• [The problem]:
Start at the top of the records and, please, print each line exactly through the line that contains "Prostorná koupelna s", leaving out all pictures.

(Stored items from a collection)

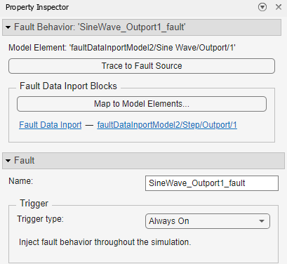 You can add Fault Data Inport blocks to fault behaviors in custom libraries. For more information, see Customize Fault Behaviors by Using Libraries. You must assign the behavior to a fault before you map the block to a signal.
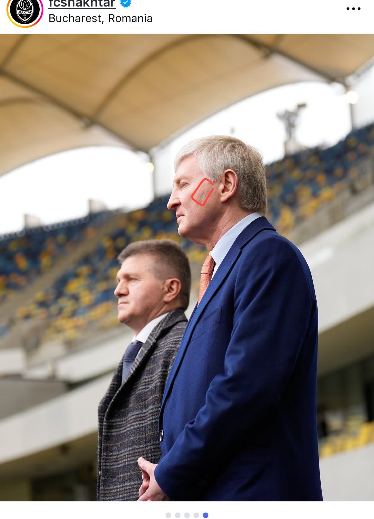 Після церемонії прощання Ахметов відвідав матч Ліги конференцій "Шахтар" — АЗ, який пройшов у Кракові. Його пресслужба опублікувала фото мільярдера, де, якщо придивитися, можна побачити пластир на обличчі бізнесмена.
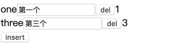 首先将key绑定为下标索引值。渲染出来是没有毛病的,但是前面我们看到key作用的时间是在diff的时候,当数据发生变化的时候,vnode节点树就会重新生成,之后通过diff找到修改的地方,然后把修改的地方通过dom方法修改(diff算法可以看看vue源码或者snabbdom,二者都采用了双端比较的算法,此处不讨论过多细节),所以,可以先可以在input里输入一些文字,这些文字是存在组件内部state的,然后,点击第二个Chlld的删除,此时却发现,只有外部的info显示更新了,而input里面的文字竟然没有更新
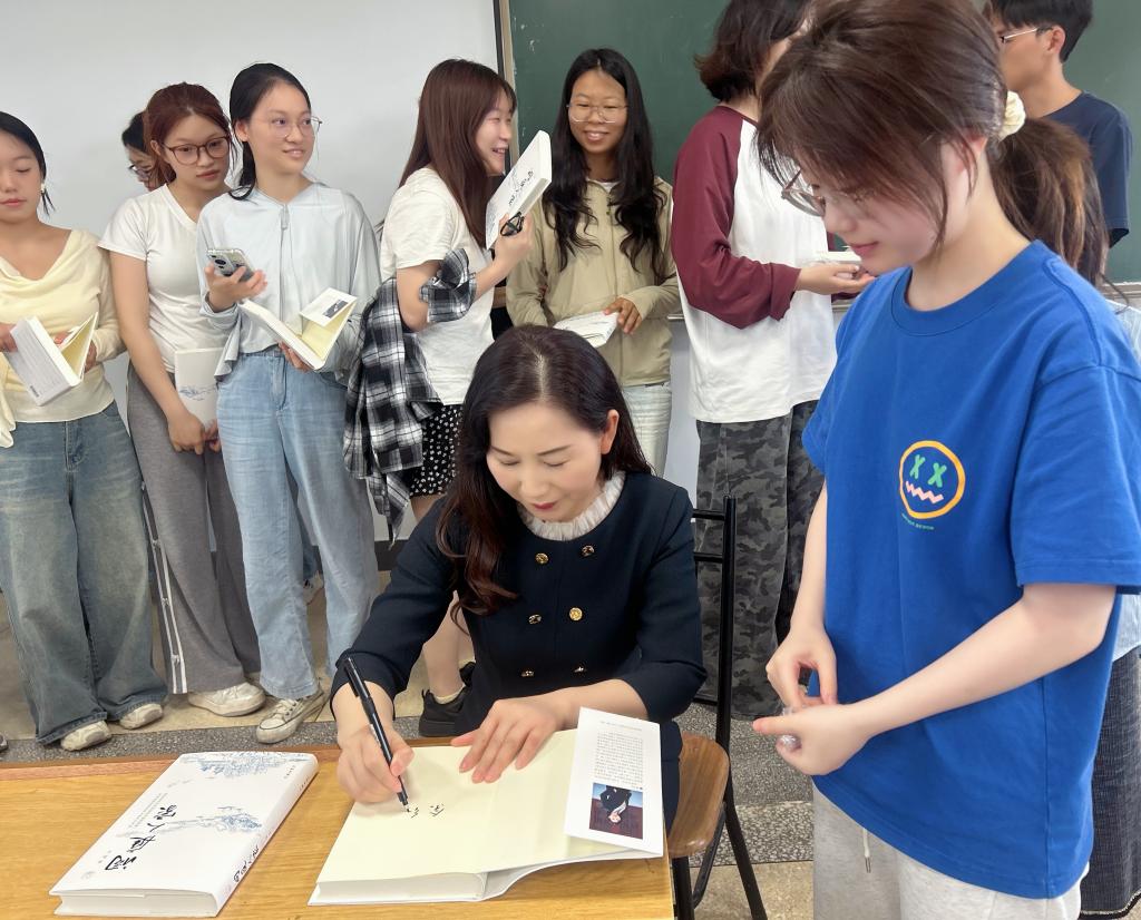 讲座结束后,余红一一为同学们亲笔签书,以新时代湖区作家的情怀,助力文学薪火相传。
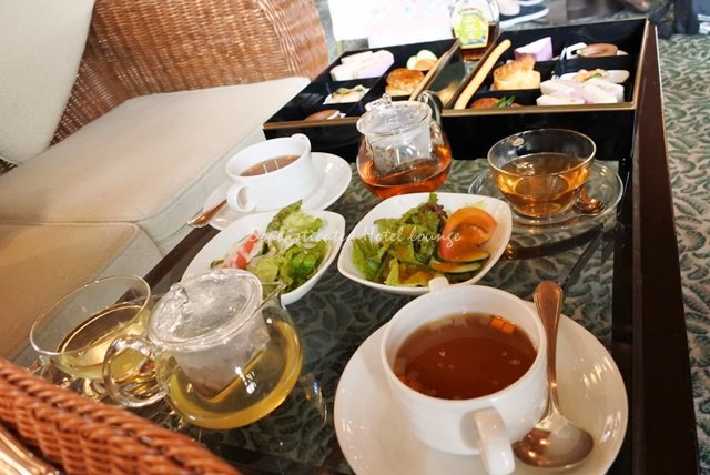 今回は、アフタヌーンティーに、サラダとスープを別に600円でプラスすることにしました。サラダのドレッシングはホテルメイドで、フレンチ、和風、ウコンから選べます。
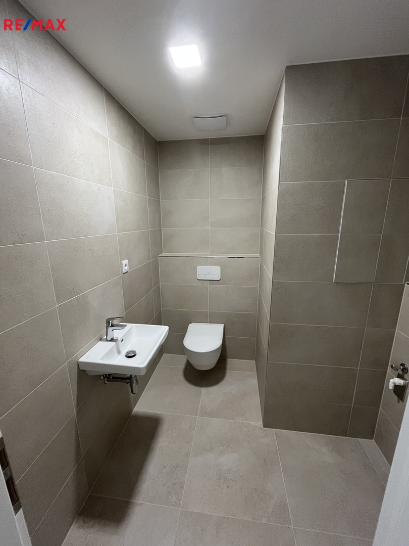 Prostorná koupelna s dvěma umyvadly a kvalitním vybavením značky Villeroy & Boj
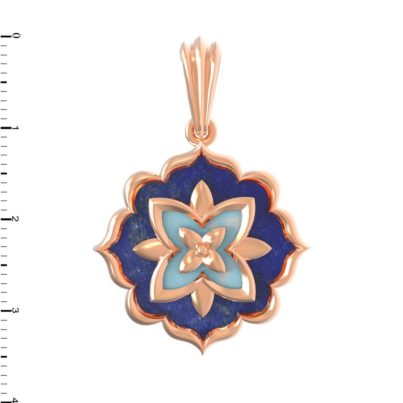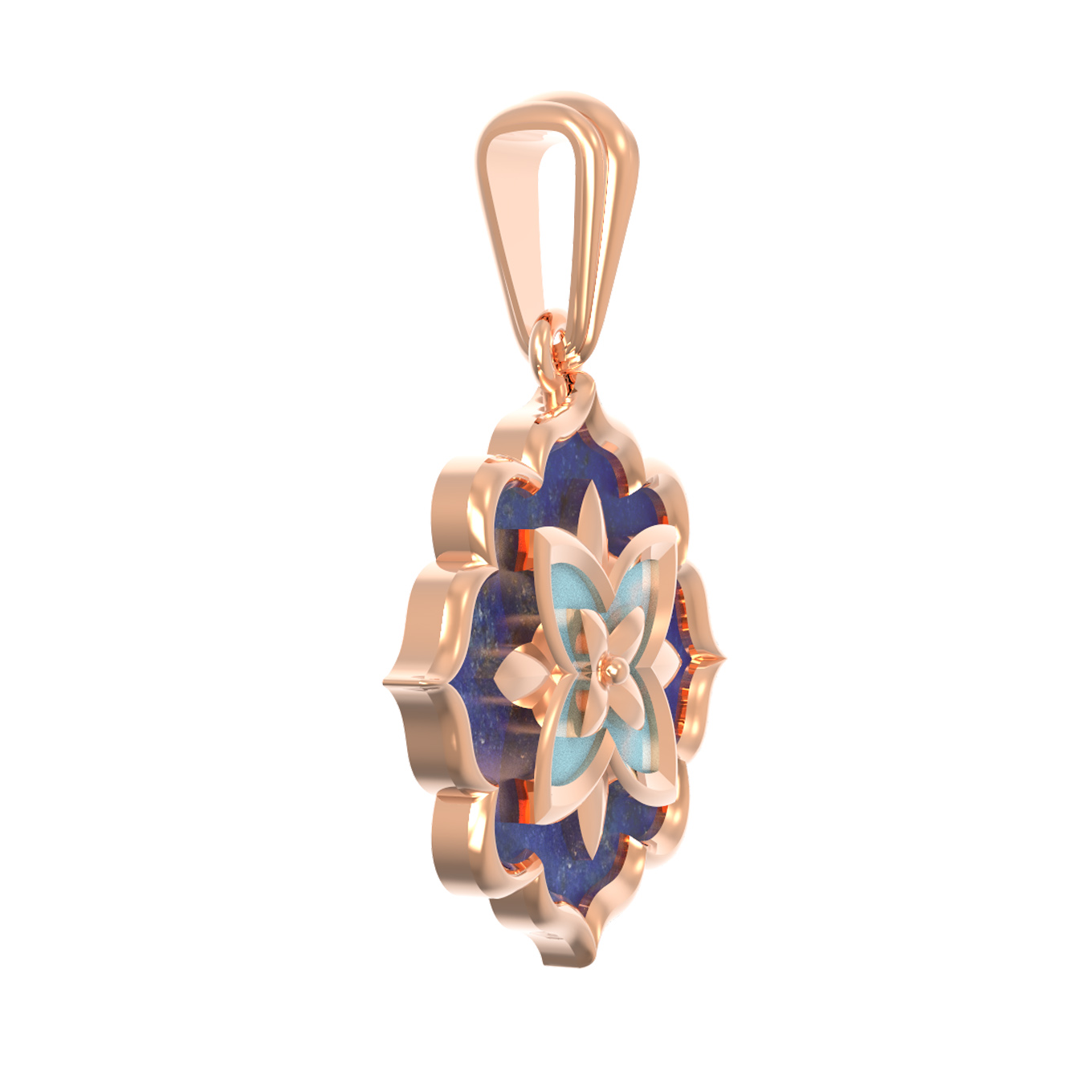 Подвеска из красного золота 585 пробы — это изысканное ювелирное изделие, вдохновленное эстетикой эпохи Возрождения. В дизайне украшения мастерски воплощены мотивы стиля Ренессанс, где гармония форм и благородство материалов создают поистине роскошный образ. Центром композиции является сочетание двух контрастных вставок: небесно-голубой бирюзы и глубокого синего лазурита. Эти два натуральных камня дополняют друг друга, подчеркивая насыщенный цвет красного золота.

• [Your solution]:
 You can add Fault Data Inport blocks to fault behaviors in custom libraries. For more information, see Customize Fault Behaviors by Using Libraries. You must assign the behavior to a fault before you map the block to a signal.
 Після церемонії прощання Ахметов відвідав матч Ліги конференцій "Шахтар" — АЗ, який пройшов у Кракові. Його пресслужба опублікувала фото мільярдера, де, якщо придивитися, можна побачити пластир на обличчі бізнесмена.
 首先将key绑定为下标索引值。渲染出来是没有毛病的,但是前面我们看到key作用的时间是在diff的时候,当数据发生变化的时候,vnode节点树就会重新生成,之后通过diff找到修改的地方,然后把修改的地方通过dom方法修改(diff算法可以看看vue源码或者snabbdom,二者都采用了双端比较的算法,此处不讨论过多细节),所以,可以先可以在input里输入一些文字,这些文字是存在组件内部state的,然后,点击第二个Chlld的删除,此时却发现,只有外部的info显示更新了,而input里面的文字竟然没有更新
 讲座结束后,余红一一为同学们亲笔签书,以新时代湖区作家的情怀,助力文学薪火相传。
 今回は、アフタヌーンティーに、サラダとスープを別に600円でプラスすることにしました。サラダのドレッシングはホテルメイドで、フレンチ、和風、ウコンから選べます。
 Prostorná koupelna s dvěma umyvadly a kvalitním vybavením značky Villeroy & Boj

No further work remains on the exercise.